## DATA FOR ANALYSIS
* * * *

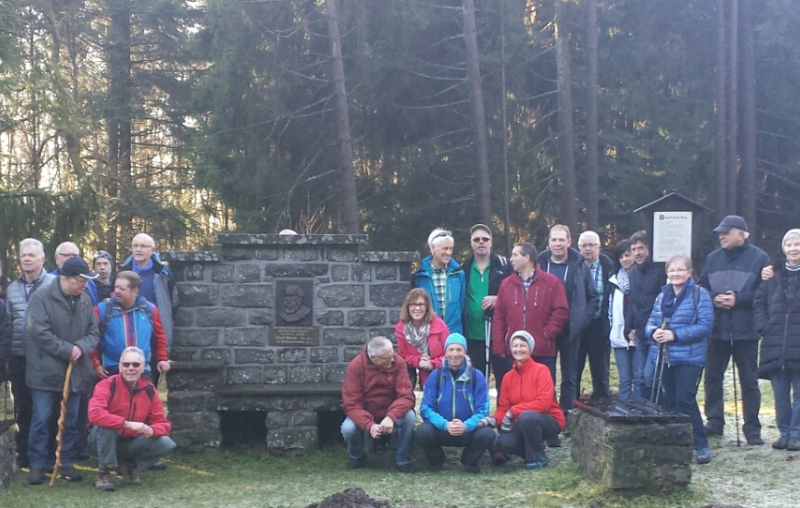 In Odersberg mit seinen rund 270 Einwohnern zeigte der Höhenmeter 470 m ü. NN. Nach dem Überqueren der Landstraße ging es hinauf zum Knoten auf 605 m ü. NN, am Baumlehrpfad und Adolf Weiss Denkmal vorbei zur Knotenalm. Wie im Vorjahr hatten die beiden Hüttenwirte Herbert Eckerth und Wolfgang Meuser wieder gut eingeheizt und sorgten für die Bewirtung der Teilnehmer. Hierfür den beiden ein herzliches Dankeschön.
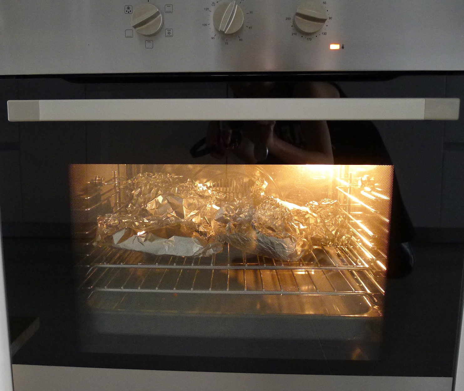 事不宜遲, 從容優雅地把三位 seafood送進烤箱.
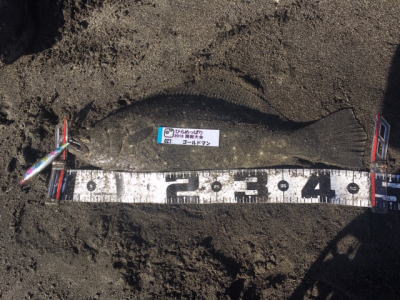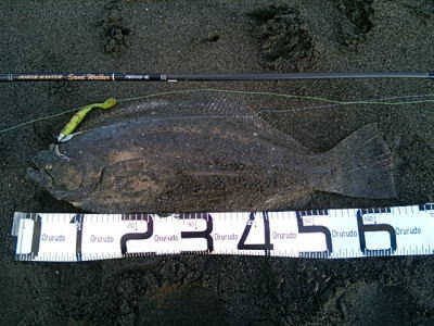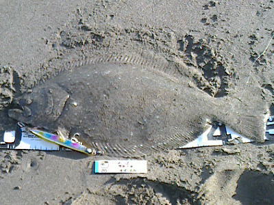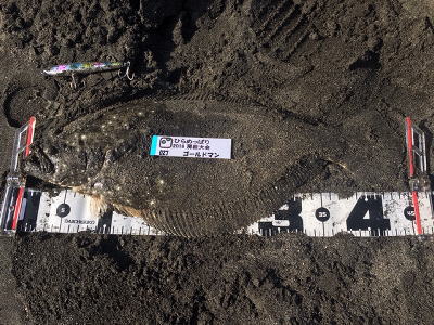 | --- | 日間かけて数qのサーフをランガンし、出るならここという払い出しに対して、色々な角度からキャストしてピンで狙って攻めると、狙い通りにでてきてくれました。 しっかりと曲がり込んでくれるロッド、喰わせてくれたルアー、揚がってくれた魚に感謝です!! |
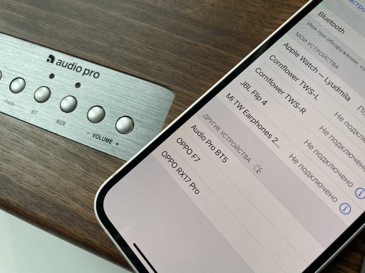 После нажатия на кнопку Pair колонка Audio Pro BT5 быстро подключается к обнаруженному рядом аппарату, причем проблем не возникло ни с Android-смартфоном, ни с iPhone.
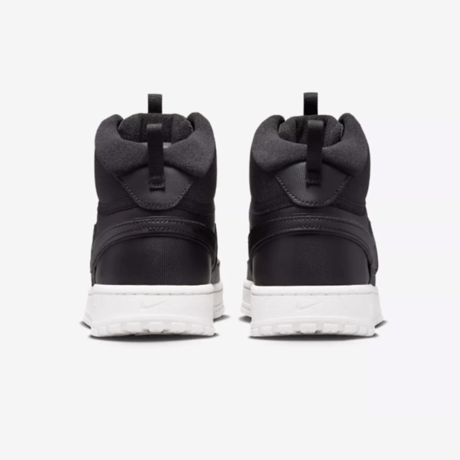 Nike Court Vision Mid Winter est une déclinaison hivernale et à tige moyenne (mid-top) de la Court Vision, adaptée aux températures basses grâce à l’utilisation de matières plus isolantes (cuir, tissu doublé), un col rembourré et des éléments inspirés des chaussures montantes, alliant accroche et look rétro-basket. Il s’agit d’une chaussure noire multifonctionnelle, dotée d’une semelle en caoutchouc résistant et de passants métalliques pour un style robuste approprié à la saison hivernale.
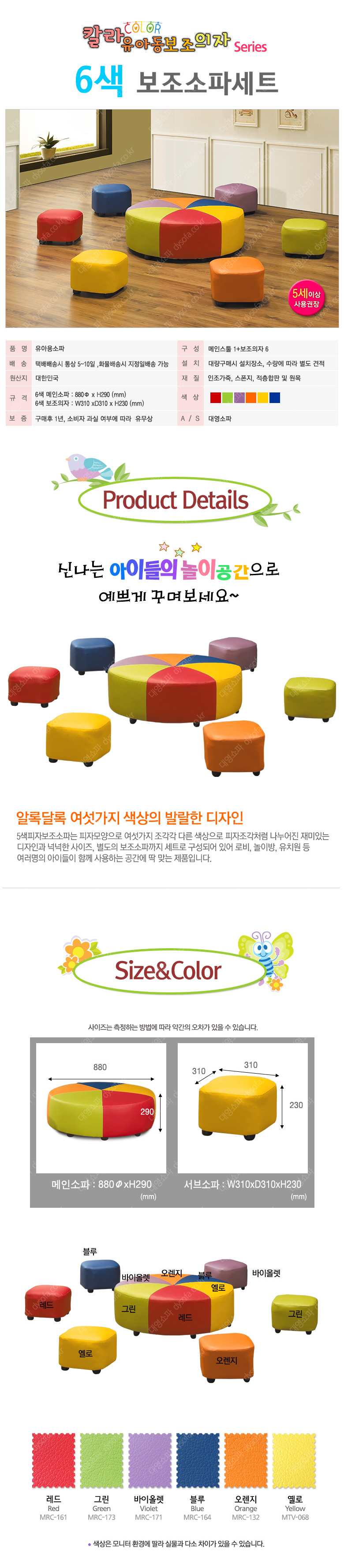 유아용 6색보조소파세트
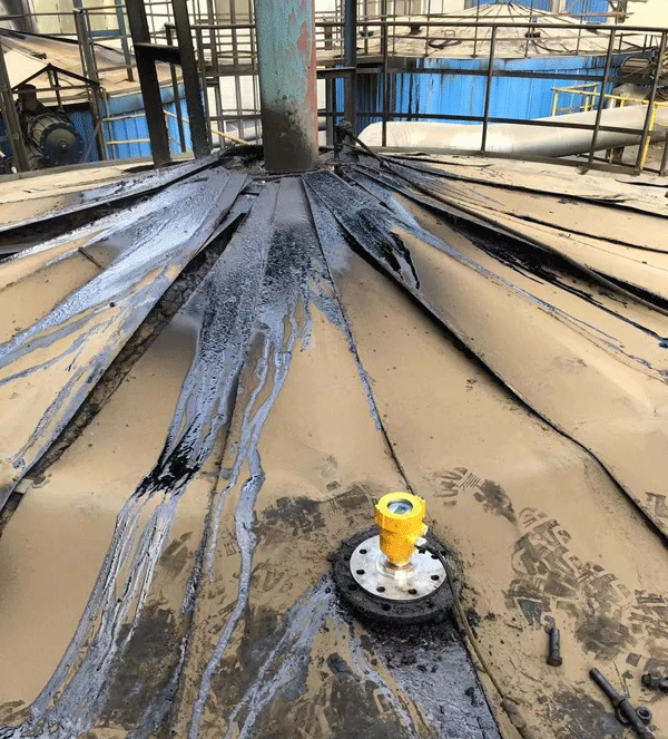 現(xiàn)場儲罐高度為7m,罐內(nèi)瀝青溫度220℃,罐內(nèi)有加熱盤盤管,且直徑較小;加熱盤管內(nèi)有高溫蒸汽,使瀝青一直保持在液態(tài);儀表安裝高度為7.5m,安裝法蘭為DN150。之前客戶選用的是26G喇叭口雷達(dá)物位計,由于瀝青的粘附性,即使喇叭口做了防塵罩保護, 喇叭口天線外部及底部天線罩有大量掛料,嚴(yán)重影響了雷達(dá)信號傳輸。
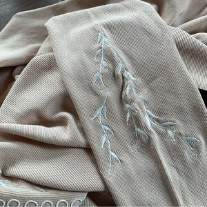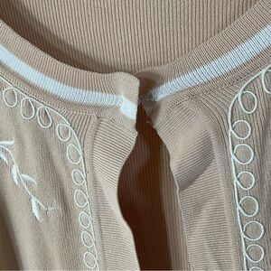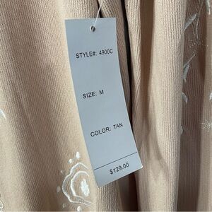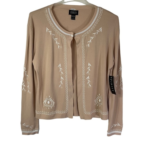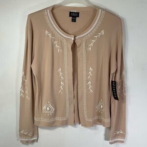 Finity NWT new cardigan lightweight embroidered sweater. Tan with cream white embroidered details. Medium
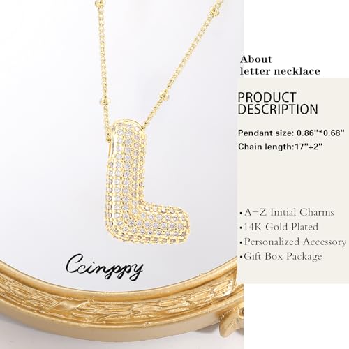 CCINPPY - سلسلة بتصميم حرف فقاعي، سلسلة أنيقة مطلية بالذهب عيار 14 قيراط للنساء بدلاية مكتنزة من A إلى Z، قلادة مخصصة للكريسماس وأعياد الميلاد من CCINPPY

* * * *

A faithful, complete copy of the entries is required, without the pictures.

## WRITTEN SOLUTION
 In Odersberg mit seinen rund 270 Einwohnern zeigte der Höhenmeter 470 m ü. NN. Nach dem Überqueren der Landstraße ging es hinauf zum Knoten auf 605 m ü. NN, am Baumlehrpfad und Adolf Weiss Denkmal vorbei zur Knotenalm. Wie im Vorjahr hatten die beiden Hüttenwirte Herbert Eckerth und Wolfgang Meuser wieder gut eingeheizt und sorgten für die Bewirtung der Teilnehmer. Hierfür den beiden ein herzliches Dankeschön.
 事不宜遲, 從容優雅地把三位 seafood送進烤箱.
 | --- | 日間かけて数qのサーフをランガンし、出るならここという払い出しに対して、色々な角度からキャストしてピンで狙って攻めると、狙い通りにでてきてくれました。 しっかりと曲がり込んでくれるロッド、喰わせてくれたルアー、揚がってくれた魚に感謝です!! |
 После нажатия на кнопку Pair колонка Audio Pro BT5 быстро подключается к обнаруженному рядом аппарату, причем проблем не возникло ни с Android-смартфоном, ни с iPhone.
 Nike Court Vision Mid Winter est une déclinaison hivernale et à tige moyenne (mid-top) de la Court Vision, adaptée aux températures basses grâce à l’utilisation de matières plus isolantes (cuir, tissu doublé), un col rembourré et des éléments inspirés des chaussures montantes, alliant accroche et look rétro-basket. Il s’agit d’une chaussure noire multifonctionnelle, dotée d’une semelle en caoutchouc résistant et de passants métalliques pour un style robuste approprié à la saison hivernale.
 유아용 6색보조소파세트
 現(xiàn)場儲罐高度為7m,罐內(nèi)瀝青溫度220℃,罐內(nèi)有加熱盤盤管,且直徑較小;加熱盤管內(nèi)有高溫蒸汽,使瀝青一直保持在液態(tài);儀表安裝高度為7.5m,安裝法蘭為DN150。之前客戶選用的是26G喇叭口雷達(dá)物位計,由于瀝青的粘附性,即使喇叭口做了防塵罩保護, 喇叭口天線外部及底部天線罩有大量掛料,嚴(yán)重影響了雷達(dá)信號傳輸。
 Finity NWT new cardigan lightweight embroidered sweater. Tan with cream white embroidered details. Medium
 CCINPPY - سلسلة بتصميم حرف فقاعي، سلسلة أنيقة مطلية بالذهب عيار 14 قيراط للنساء بدلاية مكتنزة من A إلى Z، قلادة مخصصة للكريسماس وأعياد الميلاد من CCINPPY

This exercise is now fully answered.